Box store melamine @$30 per sheet vs box store 1/2 maple or birch ply @ $45 a sheet.


----------



## Pineknot_86 (Feb 19, 2016)

I sold custom and factory cabinetry for about 3 years. Particle board is not waterproof. The material used for cabinetry is called engineered board which is used for a lot of cabinetry. With all that, use a good grade of plywood or the melamine as suggested. Like to see photos of the finished project.


----------



## PPBART (Oct 7, 2011)

I recently built a complete kitchen and bathroom cabinets for our condo -- no particleboard (period!), just birch plywood with solid wood face frames.


----------



## _Ogre (Feb 1, 2013)

pro70z28 said:


> Higher end houses don't always have higher end materials. Around here, supposed high end housing (not always, but many times) can be built pretty shabby.

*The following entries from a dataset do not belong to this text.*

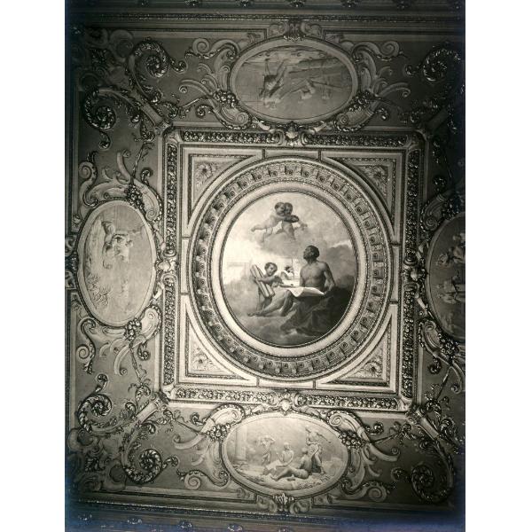TORINO/ PALAZZO NOVECENTESCO NON IDENTIFICATO (VILLA MASSARA?), VISTA ZENITALE DI VOLTA A PADIGLIONE CON TONDO CENTRALE RAPPRESENTANTE L'ARCHITETTO CHE RICEVE L'ALLORO E TONDI IN STUCCO RAFFIGURANTI MESTIERI.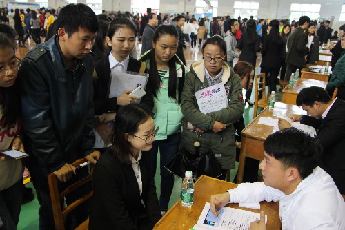 招聘会持续到下午1点,首轮面试基本结束,复试工作转战竞知楼进行,最终有近七百人次和招聘单位达成了就业意向。
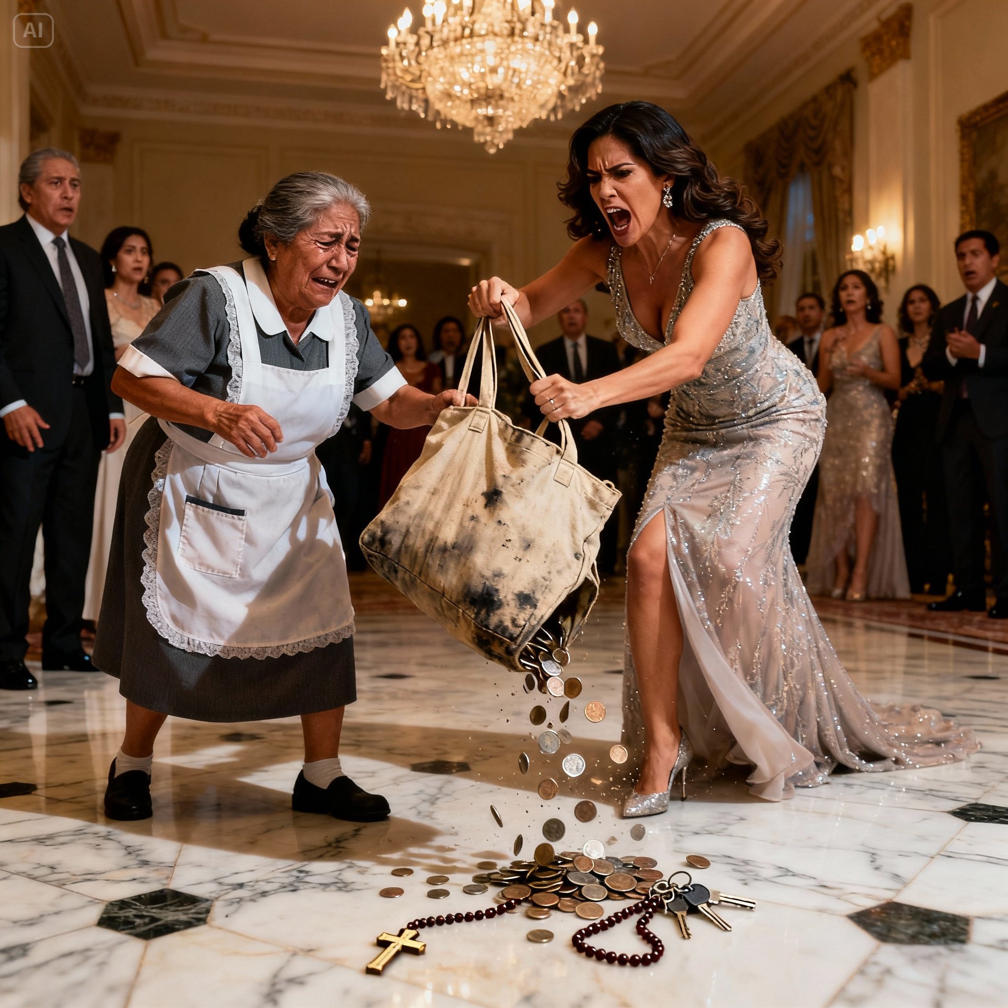 Todos estiraron el cuello para ver el botín. Esperaban ver el destello verde de la esmeralda. Pero lo que vieron fue la pobreza desnuda de Carmen expuesta bajo mis candelabros de cristal. Un monedero de plástico roto. Unas monedas sueltas que no sumaban ni cincuenta pesos. Un tupper vacío que aún olía a la comida que yo le había permitido llevarse. Unas llaves con un llavero de San Judas Tadeo. Un peine sin dientes. Y pastillas para la presión sueltas, envueltas en una servilleta.

so true. 20 years ago i bought a home in the boonies, now i'm surrounded by $1M+ subdivisions
fauxstone, sloppy framing under wavy gypboard, mdf trim and off white paint throughout is sop

i didn't build my kitchen cabinets but did pay to upgrade for plywood boxes on my cabinets
particle board has no reason to be around water, most cabinets are around water
kitchen, bath, laundry, etc...


----------



## TimPa (Jan 27, 2010)

aside from the carcass material discussion (I am a 3/4" plywood fan by the way), my opinion is that poplar is a little soft for face frames which are exposed to some banging around. (even) if painting, I would go soft maple.


----------



## Bluenote38 (Nov 27, 2010)

3/4" Cabinet Grade plywood - pre-finished (well worth it) for sides, shelves, and bottoms, 1/2" for top and back. 5/4 Maple for frames and doors even if you are painting. Poplar is too soft to survive dishes pots or whatnot banging into it for very long without showing the wear. If you really want to use poplar and particle board just go buy your cabinets at a "Big Box" It's a lot less painful and much faster though you will probably need to replace/refinish/redo in 10 years.


----------



## WeebyWoodWorker (Jun 11, 2017)

Plywood is almost always better. Lasts longer, looks nicer and at least to me I like working with it better. 



-T


----------



## Catpower (Jan 11, 2016)

I like plywood too, if nothing else MDF is so damned heavy


And some have commented about high end houses, I used to work for a mechanical contractor in the DFW metromess that did many high end houses, some were in the millions, it is in builders blood to use the cheapest thing they can find. I used to be Kohler's factory rep for southern OK and northern Texas. One time I got sent out on a warranty call before the people moved in and was given a punch list of things the new buyers saw and wanted changed. They had paid $1,900,000 for the house. I was working on a "surround" a $60,000 hole in the wall that was a steam room, sauna, whirlpool, and tanning booth, it took a couple hours to run it through the complete cycle and while it was doing that I looked the house over real close.


The original punch list was 3 pages long, I added an additional 16 pages to it and gave it to the Doctor who had bought it, he was elated as him and his wife just looked at the eye wash and didn't see any more legitimate problems, I told him for the price he paid it should be right, and it was just sloppy workmanship 



The builder was less then elated, he might have put the hit men out for me LOL


We didn't do the mechanical on that house I was there for Kohler's warranty


----------



## BigJim (Sep 2, 2008)

I always used 3/4 plywood for my casework boxes. If you can find a cabinet supply and ask for Almaciga or import birch you will find these are cheaper plywoods but are good plywoods for interior parts of case work. 

I used 1/4 fir plywood most times, for the backs, unless the doors were glass or when the inside was open, then I used regular birch sides and backs. These materials just made a good cabinet. 

I have used tons of poplar for drawer fronts, doors and frame work for cabinets and have never had a problem. I used whatever lumber for the exterior that was specified though.


----------



## phaelax (Dec 24, 2018)

I would definitely go with plywood. Particle board or MDF is useless if it gets wet. I remodeled my kitchen last year, and though I bought my cabinets instead of building (simply didn't have the time) my biggest requirement was solid wood. Which, for cabinet makers apparently, plywood is solid. Plywood will last longer in my opinion, and there's no real need to make the box out of anything real nice since it's never seen. The end cabinets you can always just face it with veneer.

I can see how some of the pressed engineered board would be more dimensionally stable. Still, I feel plywood is a higher quality option. 3/4" sounds thick to me, but you probably wouldn't need any additional bracing in the frame to mount them on the walls.


----------



## Rebelwork (Jan 15, 2012)

You can use either. Remember nobody plans on getting pb wet nor mold on plywood. It all finishes and one should be watching for leaks under a sink a couple times a year anyway for general maintenance. About the time you change furnace filters..


----------



## sancho57 (Oct 23, 2011)

What Rebel said


----------